» DATA BLOCK:
- - - - -

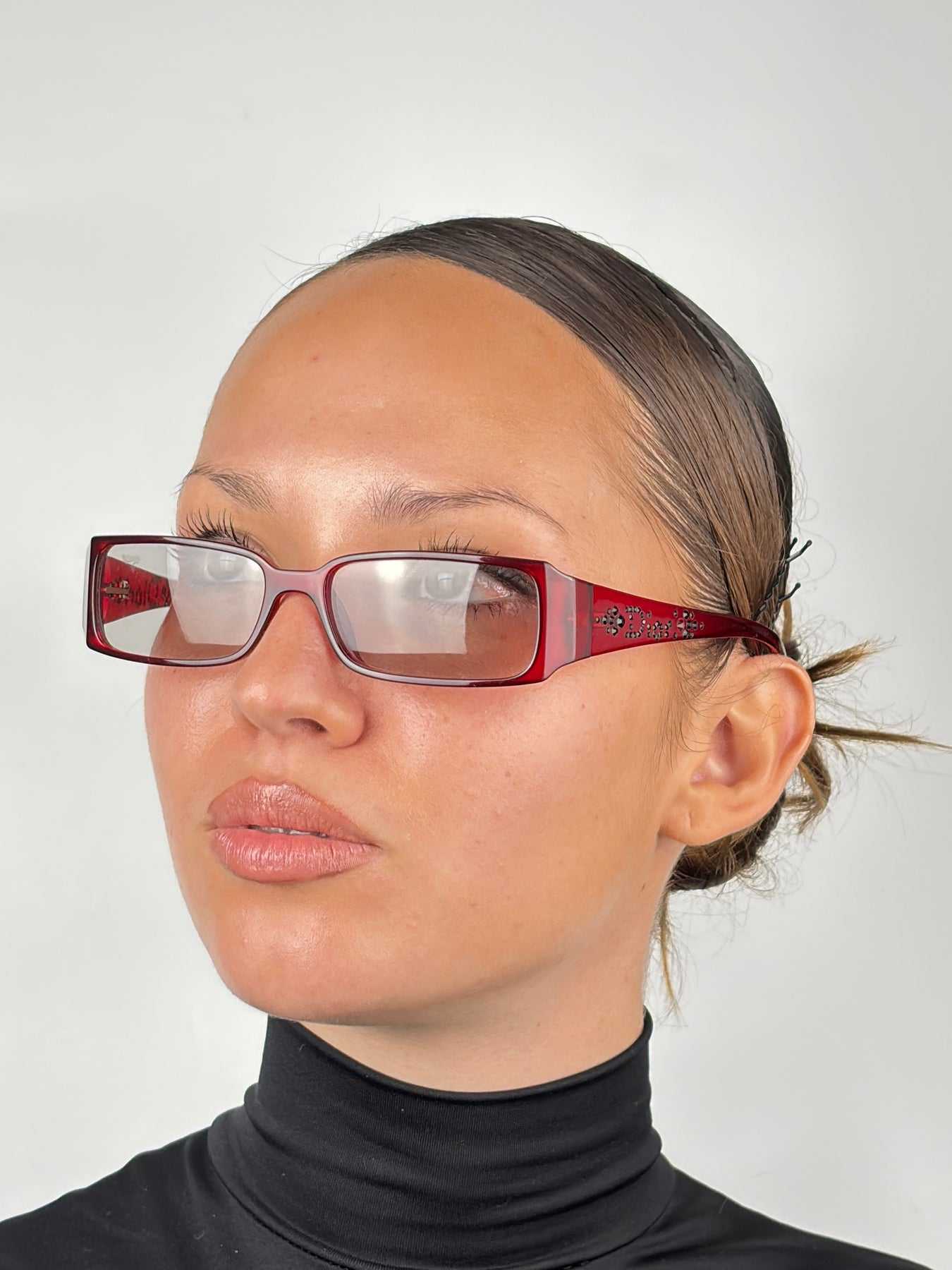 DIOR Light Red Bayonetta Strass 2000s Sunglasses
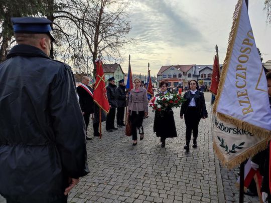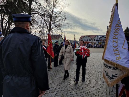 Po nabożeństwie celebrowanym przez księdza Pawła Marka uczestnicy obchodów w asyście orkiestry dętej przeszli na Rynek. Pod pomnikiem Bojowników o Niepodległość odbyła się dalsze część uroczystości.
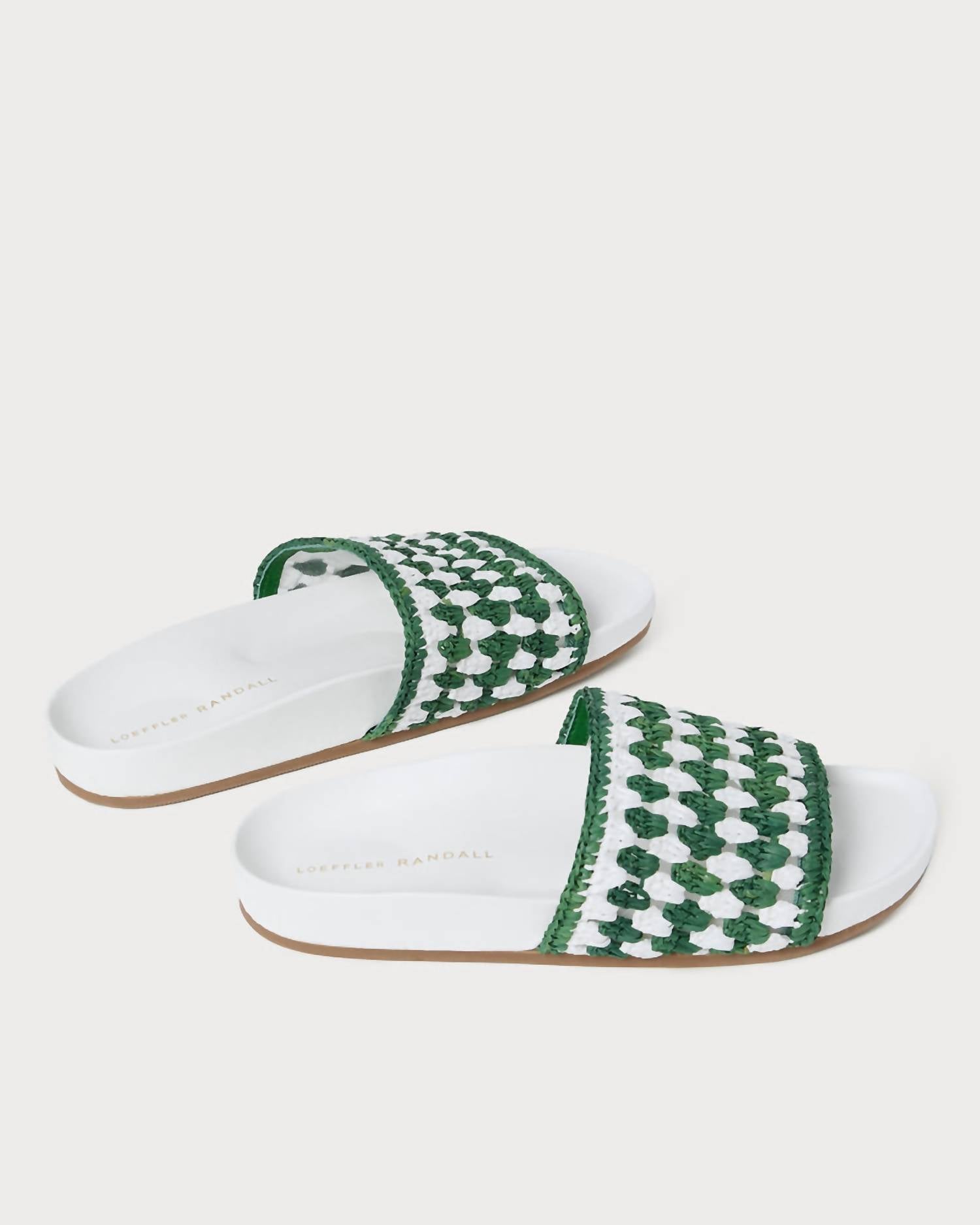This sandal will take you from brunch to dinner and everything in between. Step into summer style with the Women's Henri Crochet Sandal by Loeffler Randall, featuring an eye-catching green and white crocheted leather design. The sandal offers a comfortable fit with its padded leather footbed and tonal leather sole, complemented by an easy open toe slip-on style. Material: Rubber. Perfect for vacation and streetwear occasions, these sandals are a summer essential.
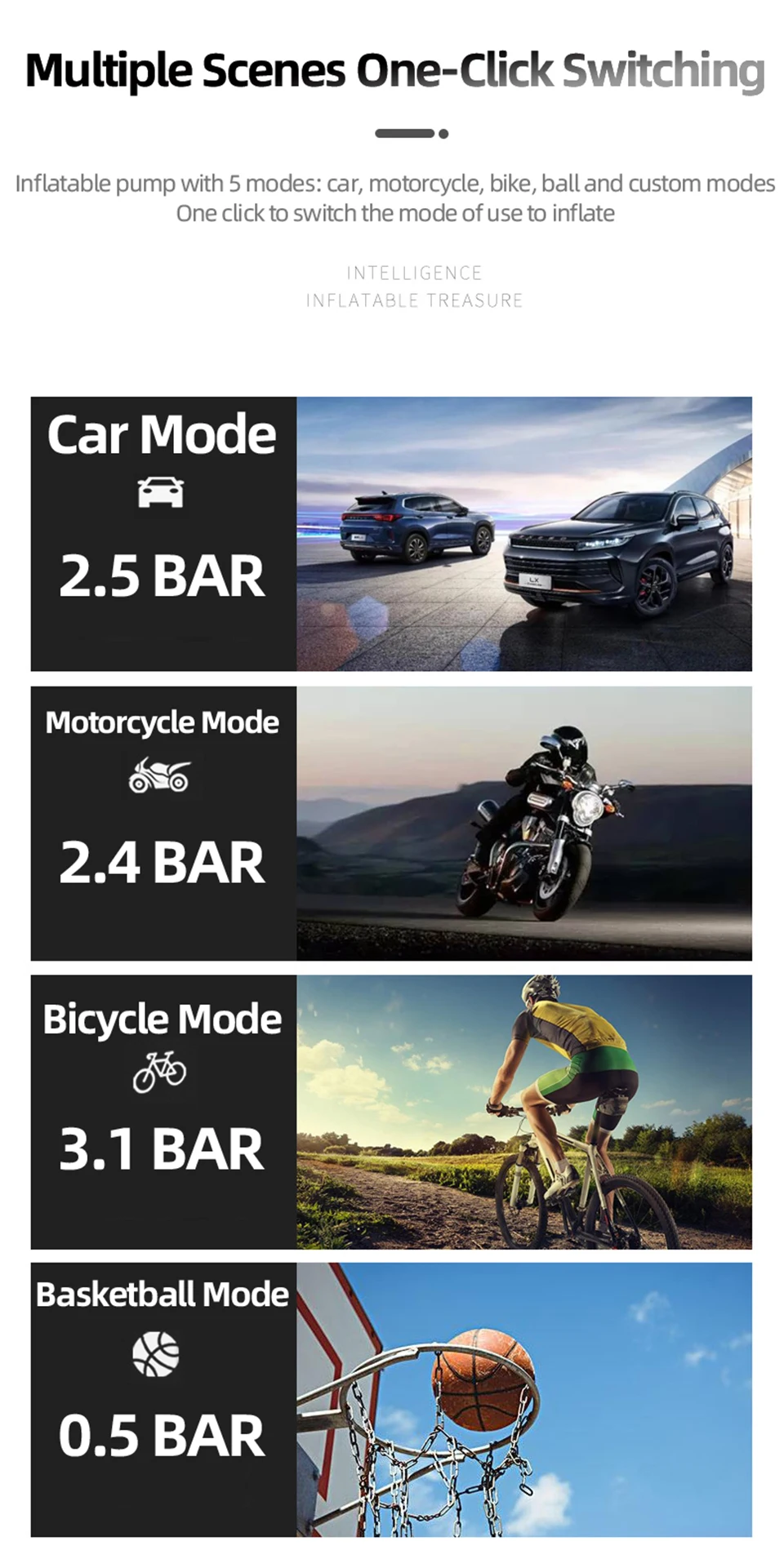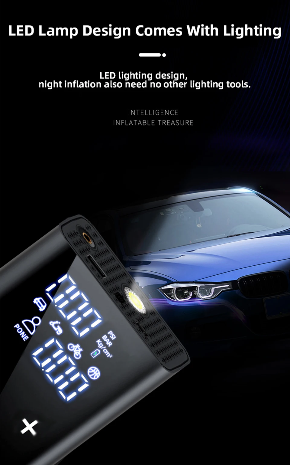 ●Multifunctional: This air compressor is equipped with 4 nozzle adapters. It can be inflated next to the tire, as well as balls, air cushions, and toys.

- - - - -

» WHAT THE EXERCISE ASKS:
Only one thing is wanted here, an exact copy of the lines from the first line above through the line containing "Po nabożeństwie celebrowanym", minus any picture.

» TASK RESULT:
 DIOR Light Red Bayonetta Strass 2000s Sunglasses
 Po nabożeństwie celebrowanym przez księdza Pawła Marka uczestnicy obchodów w asyście orkiestry dętej przeszli na Rynek. Pod pomnikiem Bojowników o Niepodległość odbyła się dalsze część uroczystości.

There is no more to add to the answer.